Appellant’s contention here, as in the trial court, is that the complaint states no cause of action because the two contracts sought to be validated contravene the so-called “160-acre limitation” established by the federal reclamation acts *368upon users of water from federally financed projects. He also contends that they violate the federal statutory requirement for repayment of federal costs within 40 years. Bach of these issues obviously is one of federal law. Appellant suggests no violation of California statutory or decisional law.

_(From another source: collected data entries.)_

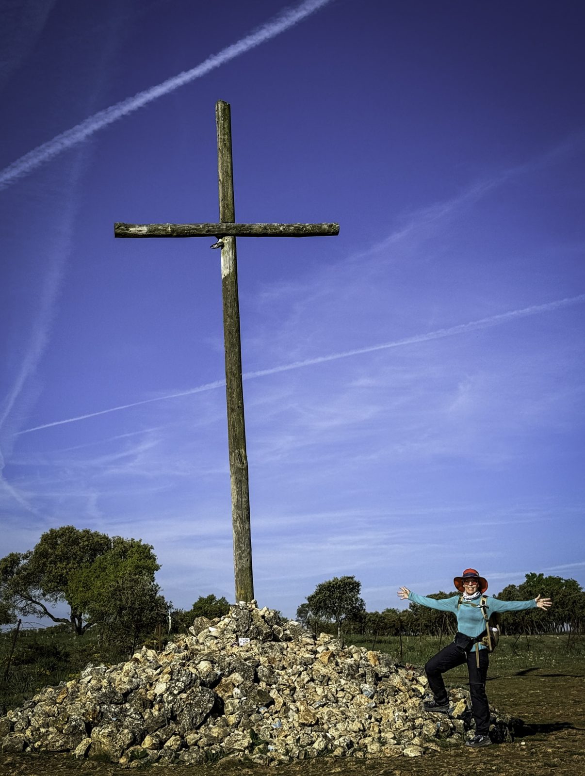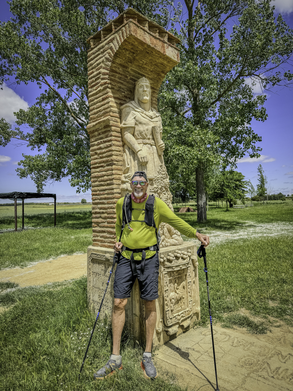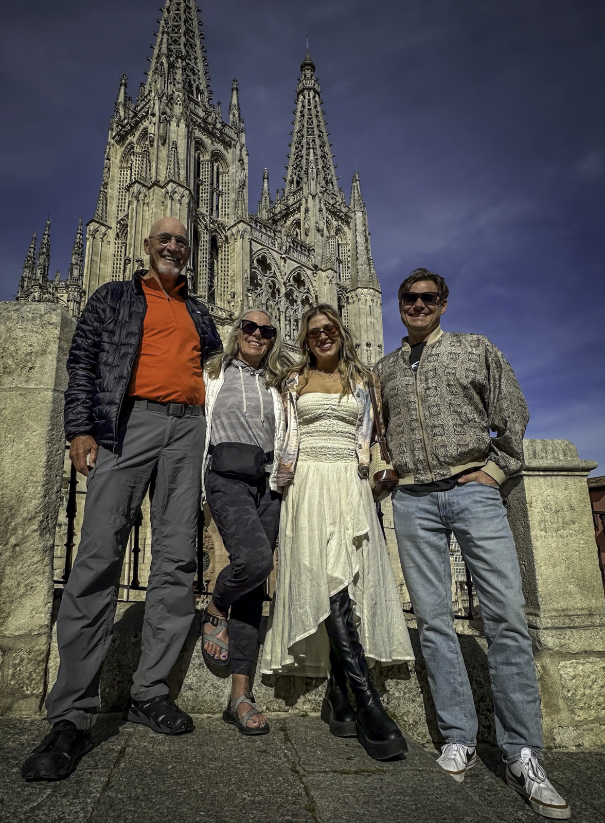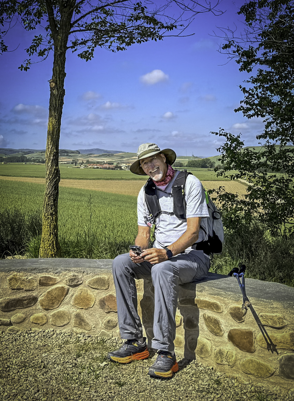 Departing the historic city of Burgos, renowned for its UNESCO-listed Gothic cathedral and rich medieval heritage, we stepped into the vast expanses of the Meseta. This high plateau, often called the “breadbasket of Spain,” is characterized by its endless wheat fields, gently rolling terrain, and expansive skies. Joining us for this leg were our son Eric and his fiancée Laura, adding a joyful and familial element to our journey.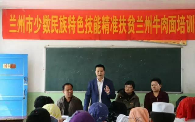 2016年4月13日,由兰州市民族宗教委员会牵头,甘肃兴陇牛肉面职业培训学校开办的兰州市少数民族特色技能精准扶贫兰州牛肉面培训班在兰州新区秦川镇龙西村正式开班。出席此次仪式的主要领导有兰州市民族宗教委员会副主任谢立宏、兰州市民族宗教委员会经济处处长寇志军、甘肃兴陇牛肉面职业培训学校校长梁顺俭、龙西村村委书记火书记、以及来自周边村的40名拉面师学员。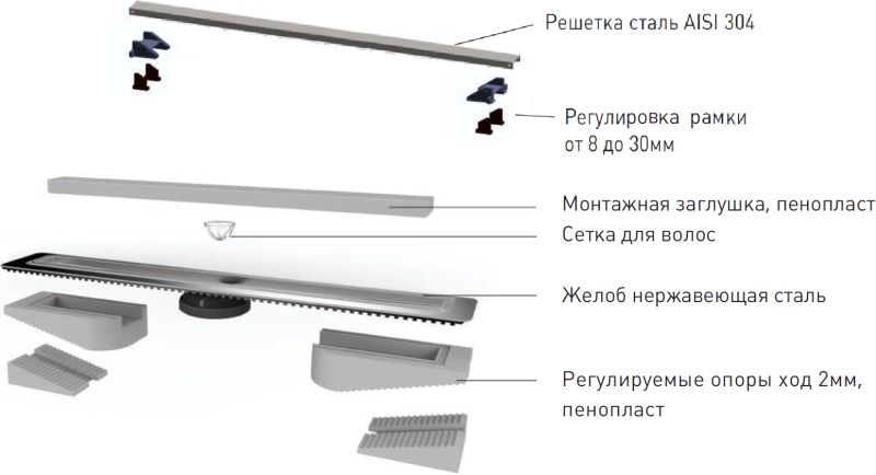 Душевой лоток Berges Wasserhaus C1 Norma 090135 40 Матовый хром купить

But the basic issues now urged by appellant had, before execution of the contracts before us, been raised by water users similarly situated. Those disputes, if not resolved, could result in a costly impasse which would affect the whole purpose of the construction project. The waters stored by a dam built with federal funds can serve a major element of their public purpose only if used upon the lands to be served by them. Repayment to the United States is to be made by charges for water supplied to users. All would suffer if the stored water were not usefully distributed pending determination of the basic disputes. The obvious purpose of the present contracts was to permit utilization of the stored waters pending judicial determination, preserving the rights ultimately to be awarded by that determination. To meet the same problem in an earlier similar dispute, interim agreements like those now before us had been executed by the United States and Tulare Lake Canal Co., and the United States had commenced an action in a federal court for determination of the issues in dispute. The contracts before us, as well as others of like nature with other users, recite these facts. They preserve the federal interest by providing for disposition of lands in excess of the acreage limitation, but expressly make such provisions dependent upon a judgment favorable to the government in the Tulare Lake litigation, which directly involves the validity of like interim contracts.

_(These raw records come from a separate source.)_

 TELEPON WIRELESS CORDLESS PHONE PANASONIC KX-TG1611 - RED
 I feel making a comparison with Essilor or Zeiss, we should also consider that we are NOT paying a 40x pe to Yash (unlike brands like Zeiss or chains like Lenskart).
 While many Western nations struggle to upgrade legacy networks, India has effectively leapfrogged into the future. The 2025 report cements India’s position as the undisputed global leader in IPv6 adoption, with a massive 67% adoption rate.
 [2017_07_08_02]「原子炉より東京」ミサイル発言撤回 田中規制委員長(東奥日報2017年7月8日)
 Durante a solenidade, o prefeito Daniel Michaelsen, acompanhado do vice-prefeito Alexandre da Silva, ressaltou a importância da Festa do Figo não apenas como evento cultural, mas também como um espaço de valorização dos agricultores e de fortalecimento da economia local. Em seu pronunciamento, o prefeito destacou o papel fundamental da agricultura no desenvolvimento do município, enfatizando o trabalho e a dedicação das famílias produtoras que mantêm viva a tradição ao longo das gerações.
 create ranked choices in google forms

The contracts also require each contracting district promptly to institute proceedings in the courts of California for “the judicial examination, approval and confirmation of the proceedings had for [its] organization,” “the proceedings of [its] governing board . . . leading up to and including the making of this . . . agreement and the validity of the provisions thereof.” This provision is required by federal statute (43 U.S.C.A. § 423e).

It is completely apparent that the parties to the contracts before us, as well as to a number of other like contracts, intended that issues of federal reclamation law should abide determination of the already pending federal court litigation against Tulare Labe Canal Co., and that issues of state law, principally the validity of organization of the several districts *369and the adequacy of their execution of the agreements, be determined by state court validation proceedings.

We do not suggest that mere agreement of the parties can deprive our courts of jurisdiction. Nor does the earlier filing of the federal court action bar jurisdiction of the courts of the state (Simmons v. Superior Court, 96 Cal.App.2d 119, 132 [214 P.2d 844, 19 A.L.R.2d 288] ; see Thomson v. Continental Ins. Co., 66 Cal.2d 738 [59 Cal.Rptr. 101, 427 P.2d 765]). But the prior filing of that action does raise questions of comity calling for exercise of a circumspect discretion by the state court in which the later action is commenced (Simmons v. Superior Court, supra; and see Farmland Irr. Co. v. Dopplmaier, 48 Cal.2d 208 [308 P.2d 732, 66 A.L.R.2d 590] ; as to federal abstention, see Pennsylvania v. Williams, 294 U.S. 176 [79 L.Ed. 841, 55 S.Ct. 380, 96 A.L.R. 1166]; Penn etc. Co. v. Pennsylvania, 294 U.S. 189 [79 L.Ed. 850, 55 S.Ct. 386]; Railroad Com. v. Pullman Co., 312 U.S. 496 [85 L.Ed. 971, 61 S.Ct. 643]).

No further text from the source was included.